> _EXERCISE GOAL_: Leave out the pictures, and copy exactly the lines from the line with "Reuse your existing" through the last line of the data below.

> _DATA BELOW_:
★ ★ ★ ★

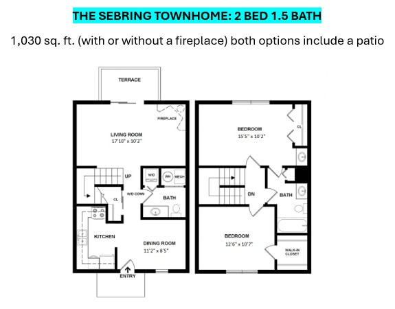 Modelo de apartamento: The Sebring TownhomeDesde $1,0752 Dormitorios, 1.5 Baños, 1030 sq ftNo DisponibleThe Sebring Townhome - Plano 1
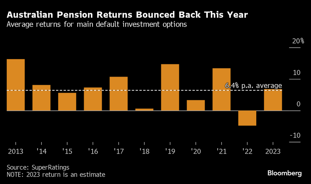🇦🇺 🇦🇺 Australia’s pension funds are expecting another year of volatility as inflation pressures continue to fuel uncertainty for the A$3.6 trillion ($2.4 trillion) industry, which holds almost half its assets offshore. Funds remain wary of the market’s exuberance that spiraled after the Federal Reserve pivoted toward rate cuts next year
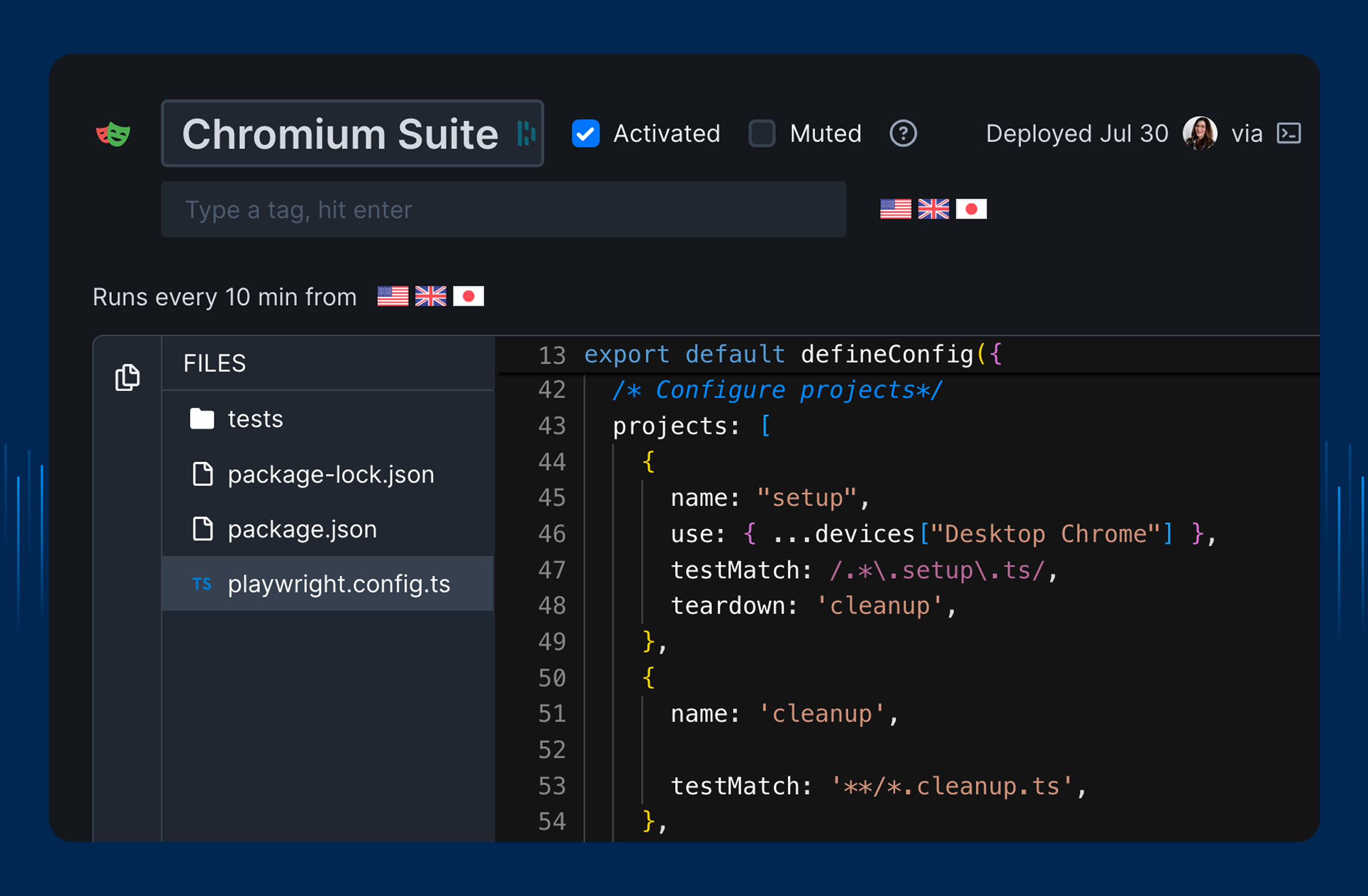 Reuse your existing Playwright test suites 1:1 as production-grade, scheduled checks.
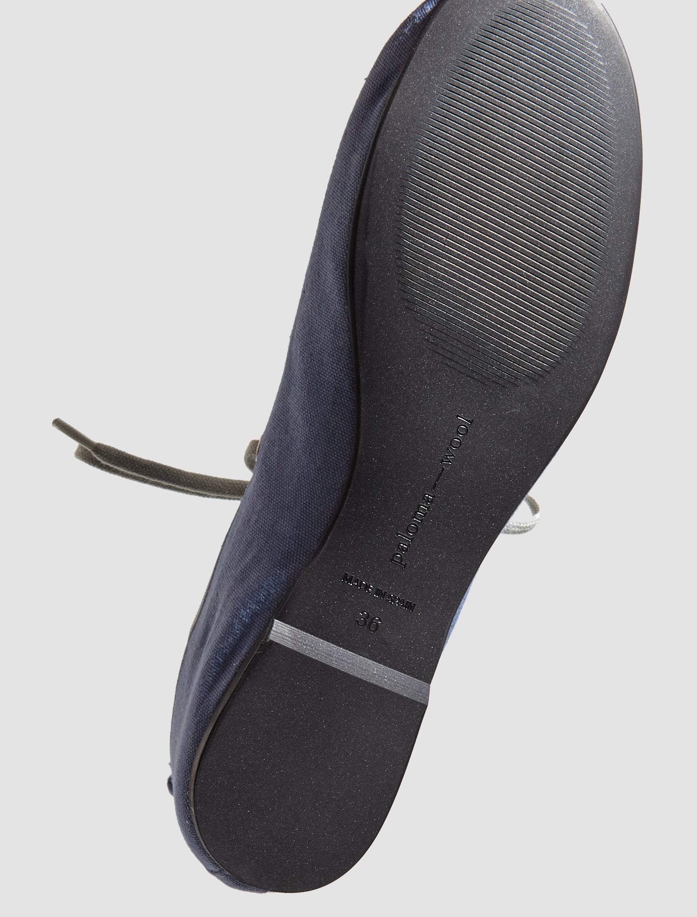 Paloma Wool Pina Lace–Up Ballerina in Blue is made from 100% cotton featuring a lace–up closure.

★ ★ ★ ★

> _RESULT OF THE EXERCISE_:
 Reuse your existing Playwright test suites 1:1 as production-grade, scheduled checks.
 Paloma Wool Pina Lace–Up Ballerina in Blue is made from 100% cotton featuring a lace–up closure.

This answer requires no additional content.